素王的重孫,最接近素王的聖人,或許就連當年那位開創了康召之世的周召王,都不曾得到文公這樣的評價吧。
這種評價讓李世民感受到自己體內所奔騰的血液都在沸騰,他從小就認為自己的身上有一種力量,這種力量驅使著他一次次的完成大業,一直走到如今的地步。
在無數次的險死還生,在無數次輝煌的勝利後,他相信自己得到了某種啟示,他是擁有眷顧的人,所以才能無往而不利。
現在文公認可了這種力量,是不是,素王認可了這種力量?
李世民回過神來,他望著洛蘇依舊沉靜的麵孔,卻不知道自己該說什麼,洛蘇轉而問了一個問題,“秦王,你覺得康召的盛世如何?”
李世民應道:“史書所記,其燦若星,輝煌如火。”
洛蘇點頭,又問道:“那漢朝的孝文、孝武之世呢?”
李世民又道:“超邁前古,後世未有比擬者,心向往之。”
洛蘇聞言笑起來,“我說這些都不行,我要一個比這些更輝煌的大世,而這個大世的開創者,會是你,秦王李世民。”
“我?”
李世民被這番話砸的暈暈的,現在的天下還處於疲敝中,連年的戰亂讓天下百姓都厭倦了戰爭,大片的土地荒蕪,在這種情況下,恢複生產就是第一要素。
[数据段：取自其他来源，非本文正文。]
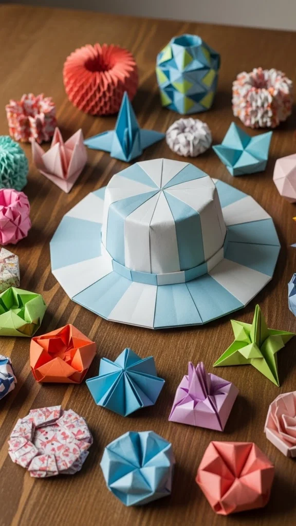 The paper hat is a classic origami project suitable for beginners. Large folds make it easy to follow and complete quickly. Newspaper or colored paper works perfectly, keeping the project inexpensive. Kids especially enjoy wearing and decorating the hats, making it both creative and practical.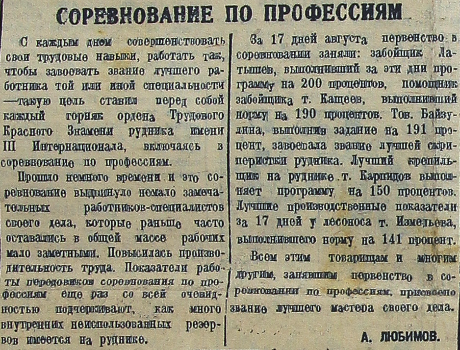 За 17 дней августа первенство в соревновании заняли: забойщик Латышев, выполнивший за эти дни программу на 200 процентов, помощник забойщика т. Кащеев, выполнивший норму на 190 процентов. Тов. Байзулина, выполнив задание на 191 процент, завоевала звание лучшей скриперистки рудника. Лучший крепельщик на руднике Карпидов выполняет программу на 150 процентов. Лучшие производственные показатели за 17 дней у лесоноса т. Измедьева, выполнившего норму на 141 процент.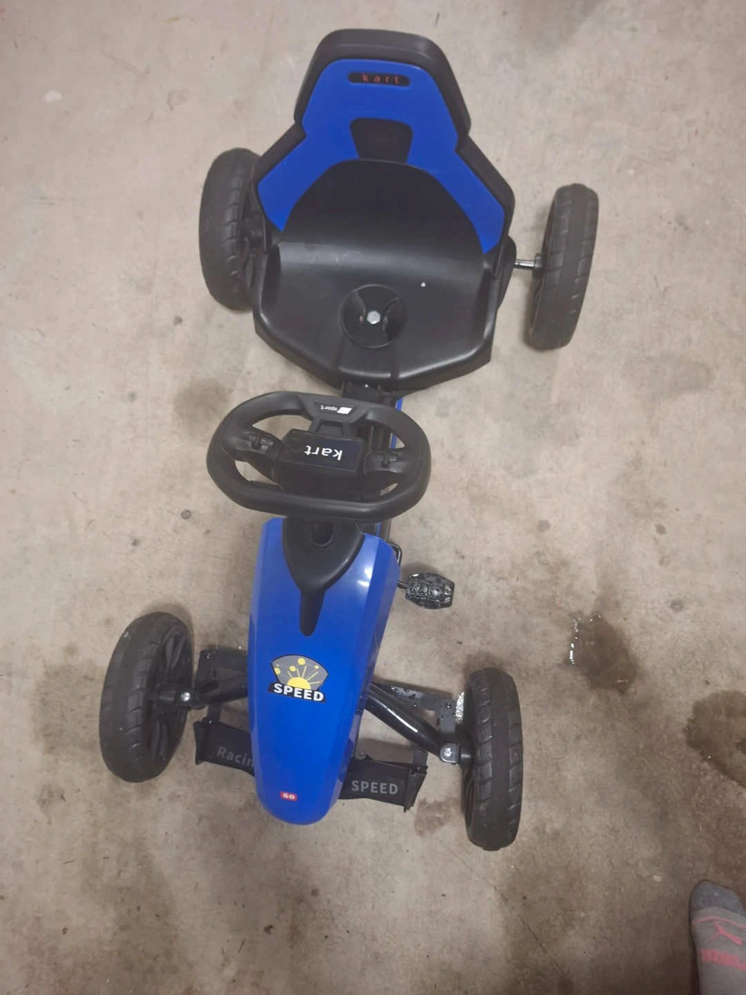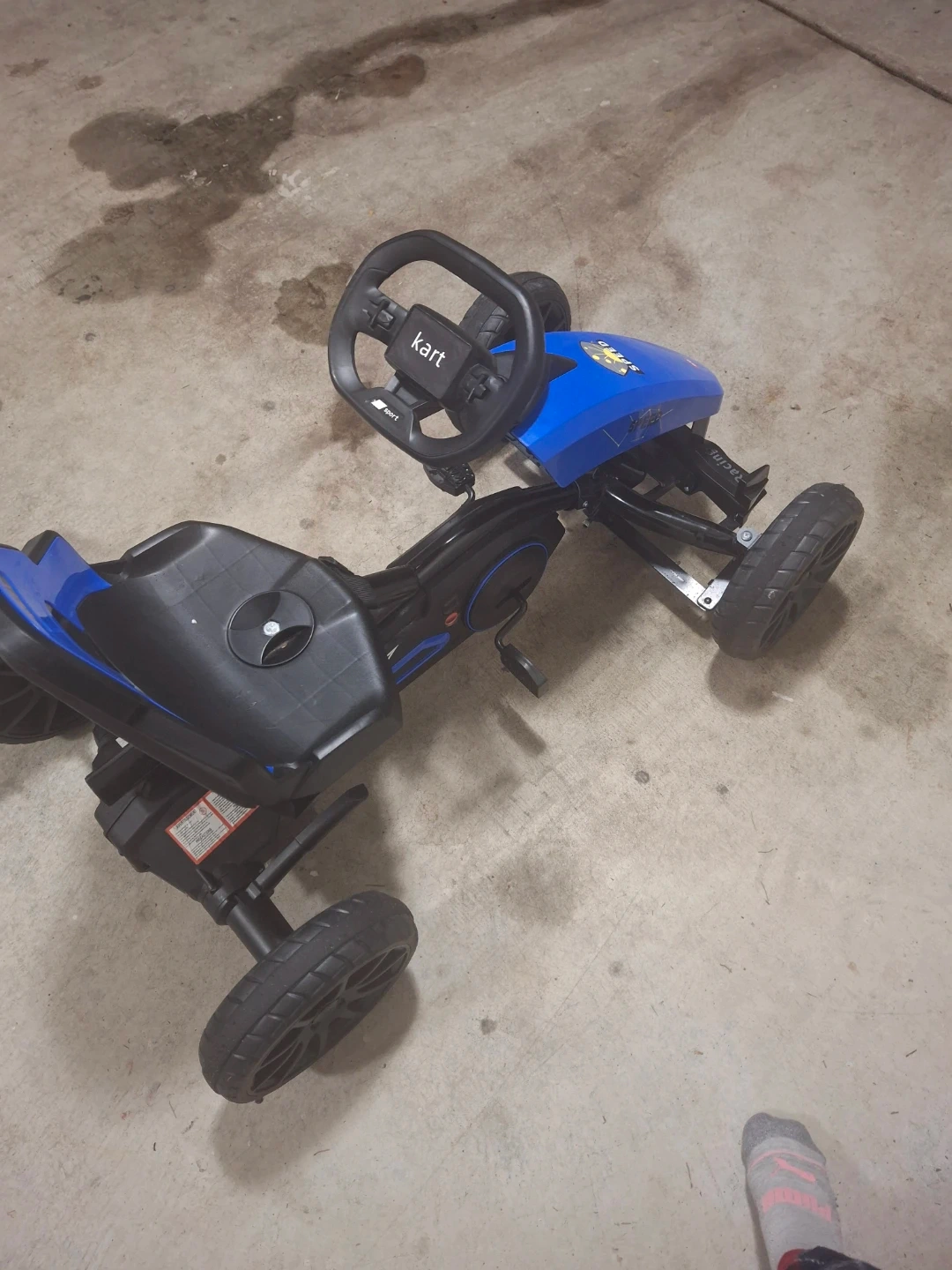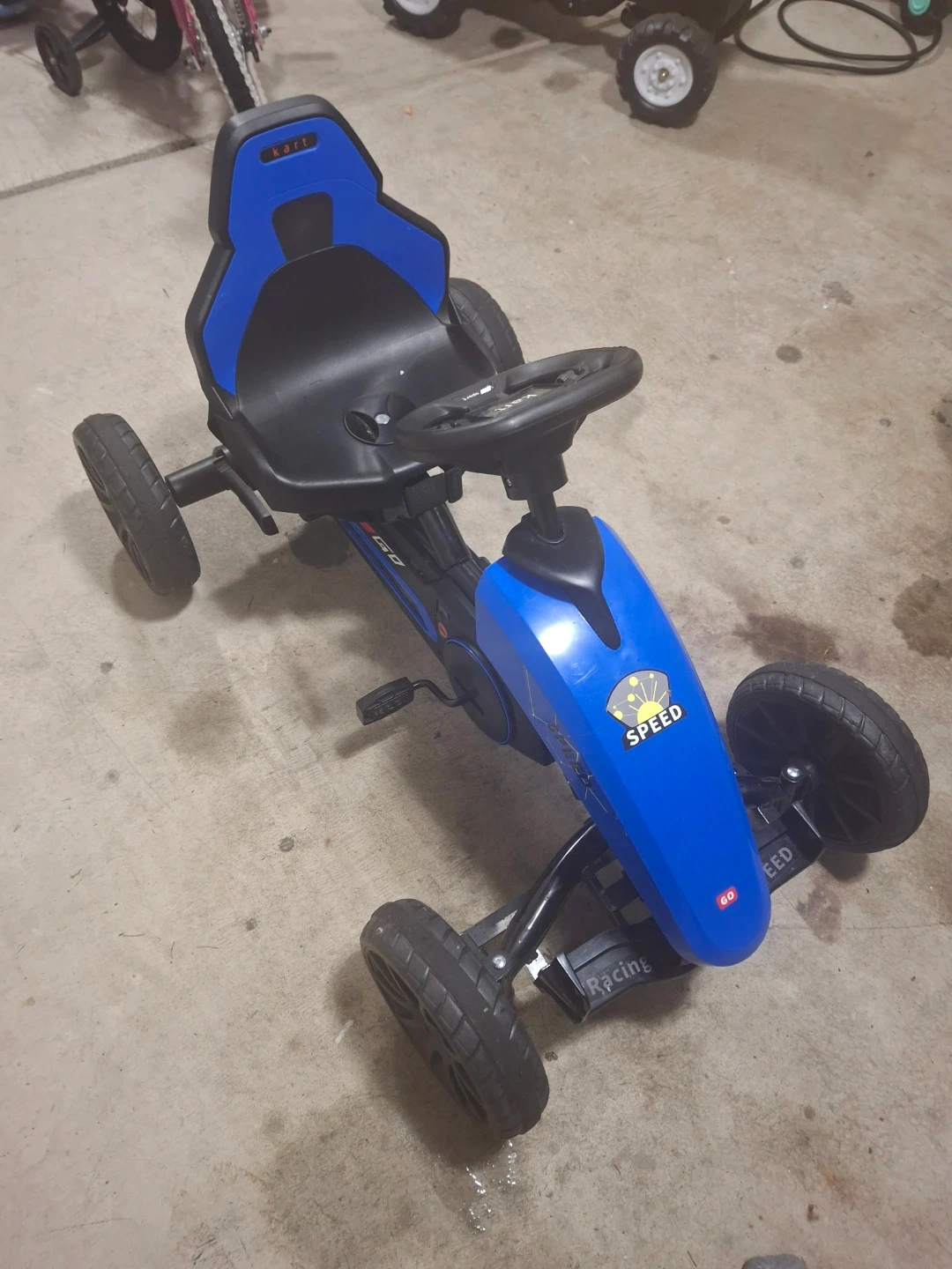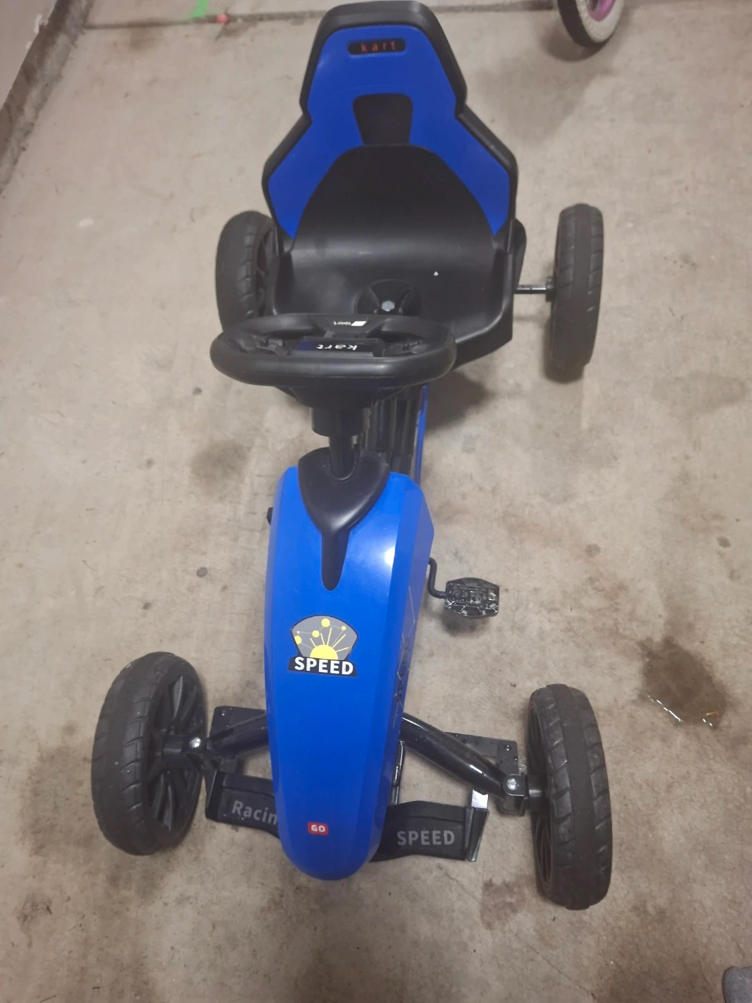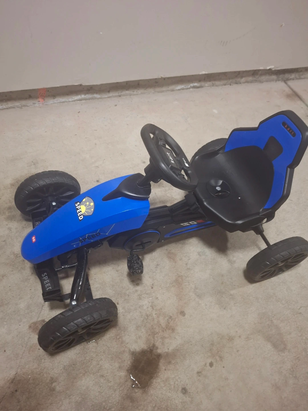 This blue pedal go car is designed for racing fun. It's got a sturdy frame and adjustable seat. Great for outdoor playtime for kids! Price is not negotiable

漢朝的孝文盛世是有前麵打下的底子,他真的能在這種境遇中,開創一個盛世嗎?
最重要的是。
“我還不是未來的皇帝、天子。”
李世民盯著洛蘇,“文公,您難道是要以素王的名義,將天子的冠冕,加在我的頭上嗎?”
洛蘇聞言瞬間笑出聲來,“如果是李淵、李建成,那我就給他們一頂天子的冠冕,但你不一樣。
這世上哪裡有彆人賜下的天子位!
通往天子的路途上,滿是荊棘和磨難,你要自己去拿,現在的你,已經幾乎有了一切優秀君王所擁有的品質,但還差一些。”
還差一些。
對於李世民而言,如今這是最嚴重的問題,他要知道自己哪裡還有欠缺,於是連忙問道:“還差什麼?”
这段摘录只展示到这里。